🤖 AI Summary
This paper investigates classifiers’ ability to estimate their own prediction loss. Addressing the central question—“Can predictive distribution entropy reliably reflect actual loss?”—we propose and rigorously prove a computational equivalence between nontrivial loss prediction capability and multi-group calibration: a loss predictor outperforms the classifier’s self-estimate if and only if the latter violates multi-group calibration. This equivalence establishes, for the first time, a fundamental connection between loss prediction and calibration failure, implying that improving loss prediction is equivalent to detecting and correcting calibration biases. Our theoretical analysis integrates information theory, statistical learning theory, and the formal definition of multi-group calibration. Empirical modeling further confirms a robust positive correlation between loss prediction error and calibration violation magnitude. The work introduces a novel paradigm for uncertainty quantification and model diagnostics grounded in calibration-aware loss estimation.
📝 Abstract
Given a predictor and a loss function, how well can we predict the loss that the predictor will incur on an input?

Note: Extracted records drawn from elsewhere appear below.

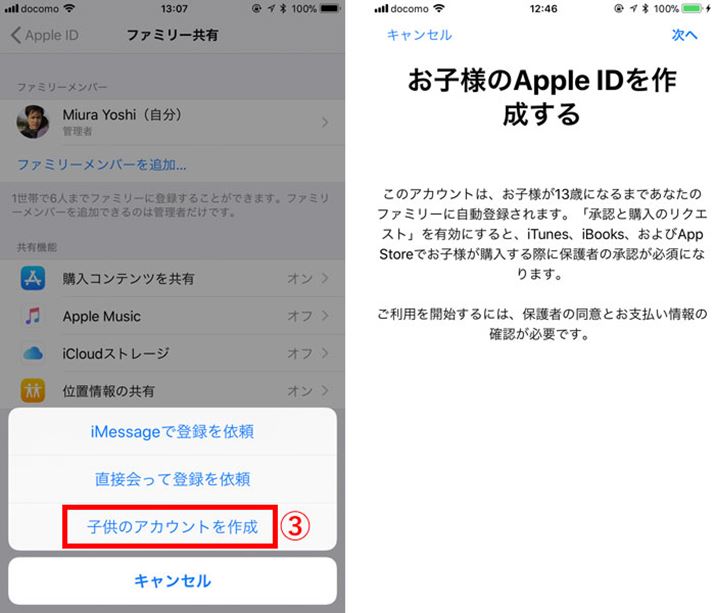 続いて、左の画面が表示されるので、(3)の「子供のアカウントを作成」をタップ。右の画面が表示されたら、右上の「次へ」をタップし、子どもの誕生日、子どもApple ID(アカウント)、秘密の質問の答えなどを入力する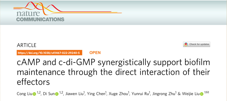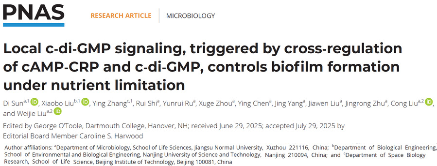 近日,我校生命科学学院刘伟杰/刘聪团队以我校为第一完成单位在自然指数期刊PNAS上发表题为“Local c-di-GMP signaling, triggered by cross-regulation of cAMP-CRP and c-di-GMP, controls biofilm formation under nutrient limitation”的长篇研究论文,揭示了细菌响应营养信号调控生物被膜的分子机制。我校生命科学学院孙地副教授、南京理工大学刘小波教授和北京理工大学张莹教授为共同第一作者,我校时蕊、汝昀睿、周徐鸽、陈颖、杨婧等5名研究生以及刘佳文、朱静榕老师参与本项研究,我校刘聪副教授与刘伟杰教授为通讯作者。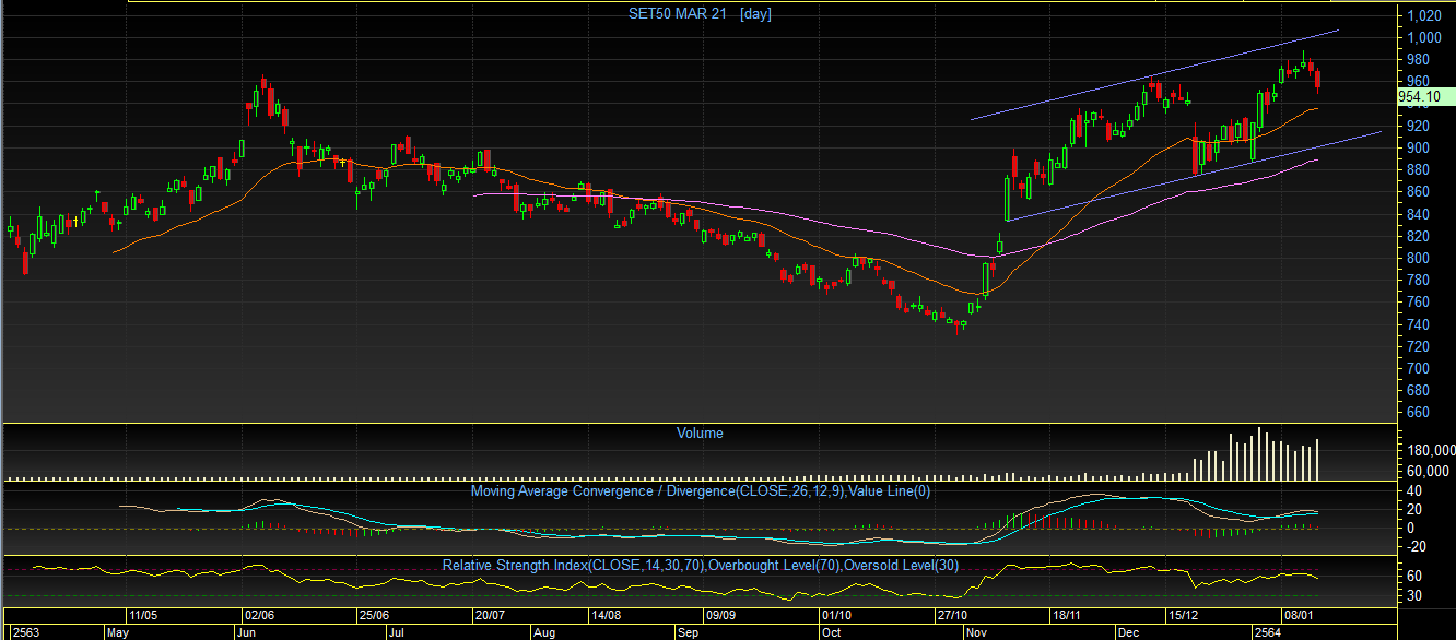 S50H21 TF Day: ตลอดทั้งสัปดาห์ที่ผ่านมา ดัชนีพยายามขึ้นไปยืนเหนือ 990 จุด แต่ท้ายที่สุด ไม่สามารถผ่านขึ้นไปได้ เนื่องจากมีสัญญาณ Bearish Divergence ปกคลุมไว้อยู่ก่อนหน้านี้ ซึ่งคาดการณ์ว่า ดัชนีจะลงมาทดสอบ กรอบแนวรับล่าง ณ ระดับ 910 จุด แล้วดูอาการอีกครั้ง จะสามารถฟื้นตัวขึ้นไปได้หรือไม่ ถ้าหากฟื้นตัวขึ้นไปได้ ก็มีโอกาสที่จะเคลียร์แนวต้าน 990 จุด พร้อมโบยบินสู่ดวงดาวอันไกลโพ้น แต่หากหลุดกรอบแนวรับ 910 จุด ลงมา ก็อาจกลายเป็นการ พักฐาน ครั้งใหม่ ก็เป็นได้

This is the problem of loss prediction, a key computational task associated with uncertainty estimation for a predictor. In a classification setting, a predictor will typically predict a distribution over labels and hence have its own estimate of the loss that it will incur, given by the entropy of the predicted distribution. Should we trust this estimate? In other words, when does the predictor know what it knows and what it does not know? In this work we study the theoretical foundations of loss prediction. Our main contribution is to establish tight connections between nontrivial loss prediction and certain forms of multicalibration, a multigroup fairness notion that asks for calibrated predictions across computationally identifiable subgroups. Formally, we show that a loss predictor that is able to improve on the self-estimate of a predictor yields a witness to a failure of multicalibration, and vice versa. This has the implication that nontrivial loss prediction is in effect no easier or harder than auditing for multicalibration. We support our theoretical results with experiments that show a robust positive correlation between the multicalibration error of a predictor and the efficacy of training a loss predictor.